Positive people sleep better and report experiencing less pain than negative people. And since positive people are healthier, they can live up to 10 years longer than negative people.

I am not talking about the Pollyanna positivity where everything is up and happy all the time.

I am talking about how we react to the situations we find ourselves in. How we handle stress and how we handle difficult people.
"Real optimism is aware of problems but recognizes the solutions, knows about the difficulties but believes they can be overcome, sees the negatives but accentuates the positives, is exposed to the worst but expects the best, has reason to complain but chooses to smile."

~ William Arthur Ward

According to Barbara Fredrickson's Broaden-and-Build Theory, positive emotions serve to broaden our mind's focus and to help us build valuable resources over time.

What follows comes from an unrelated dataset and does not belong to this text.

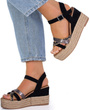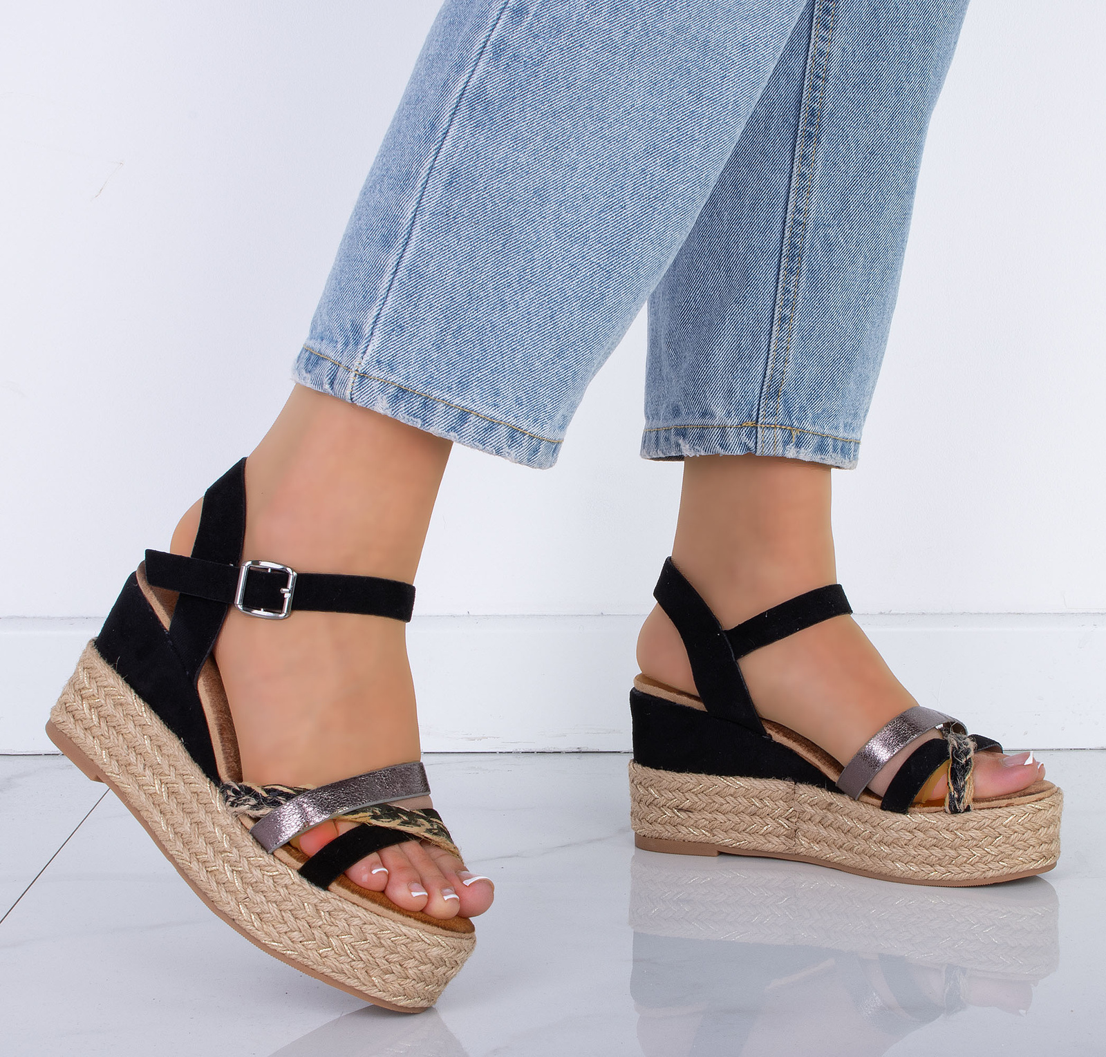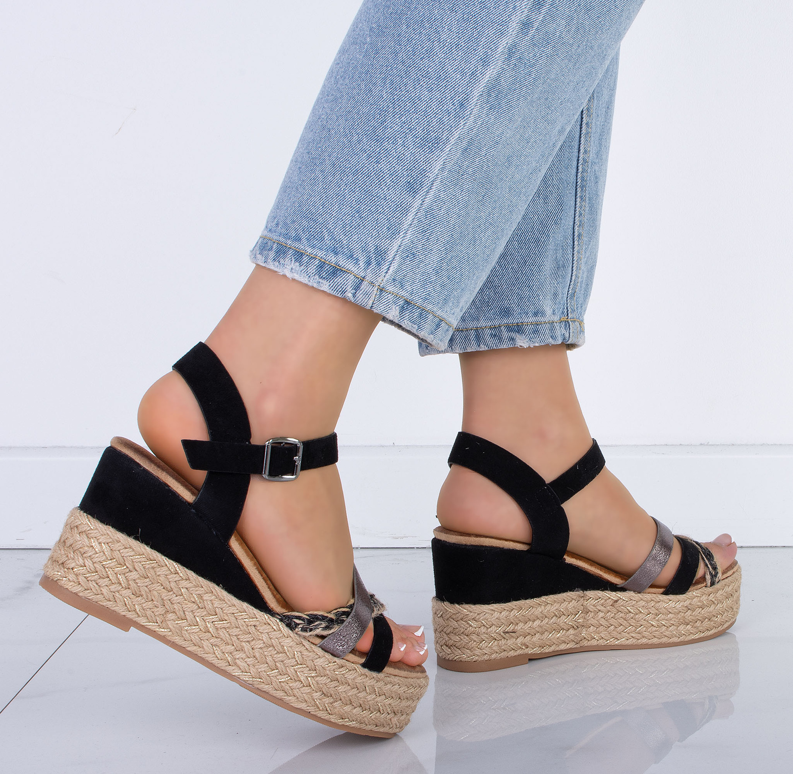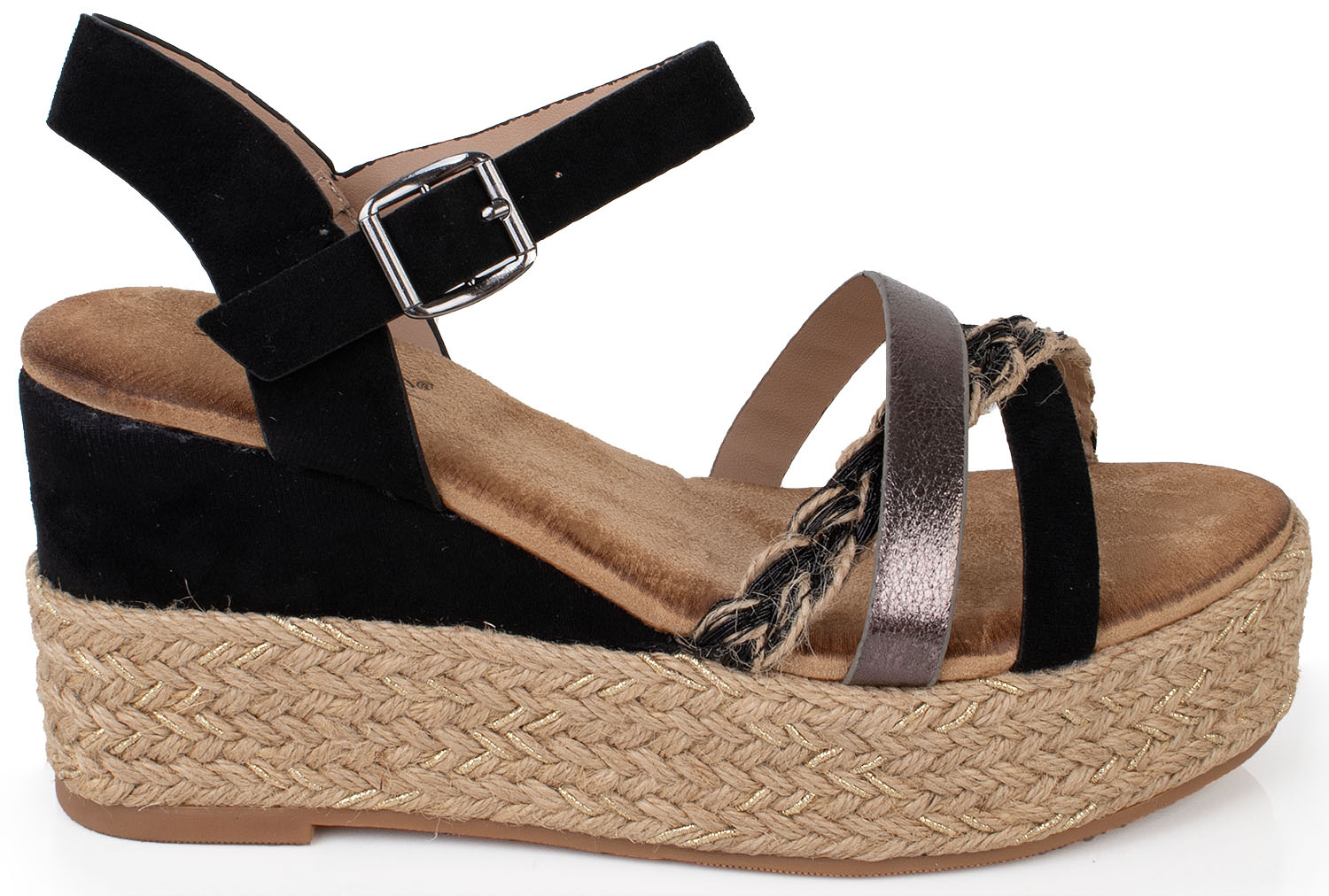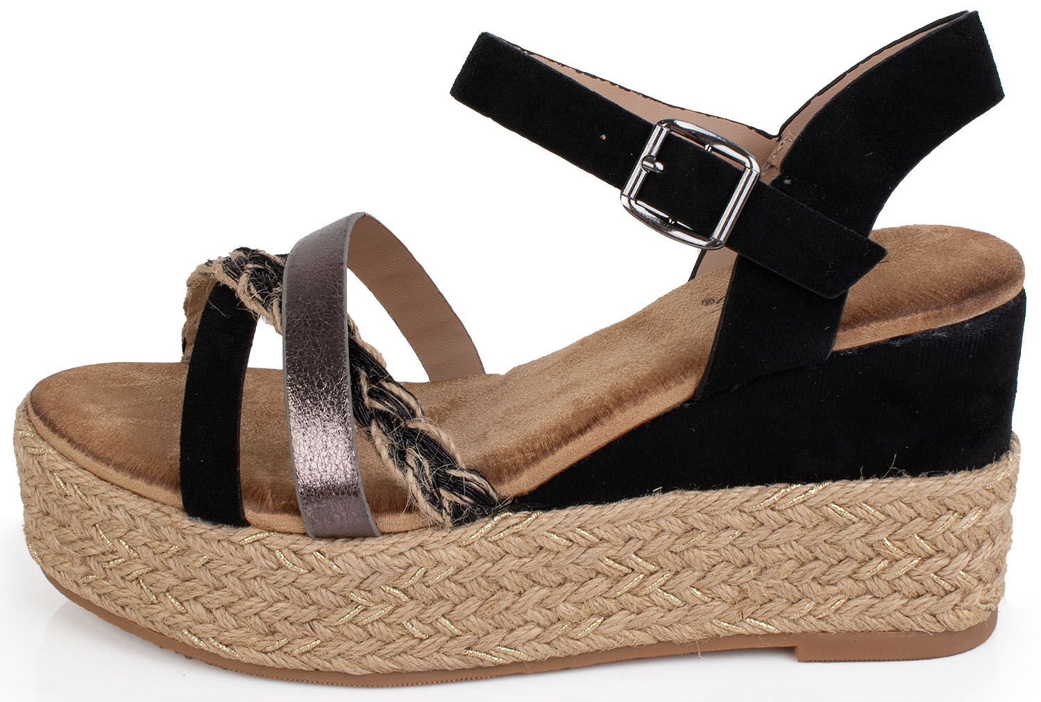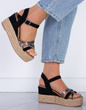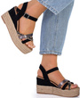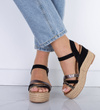 CZARNE DAMSKIE SANDAŁY NA KOTURNIE ESPADRYLE AMORINA

Another psychological resource that positivity brings is resilience. Resilience refers to one's ability to bounce back from difficult situations and to adapt to the changing demands of stressful events.

Dr. Beth Cabera shares that positive people are more resilient because they have more effective coping skills. They are proactive and problem focused when facing difficulties. They are more likely to use humor when dealing with stressful events and to find positive meaning in their negative circumstances. People who experience more frequent positive emotions face hardships with hope rather than despair, reacting to what is happening at the moment rather than spending energy worrying about the future. Positive emotions can put the brakes on the potential downward spiral created by negative thinking.

So, with all the health benefits and psychological benefits I really believe positivity trumps negativity.
"You can't think your way into acting positively, but you can act your way into thinking positively."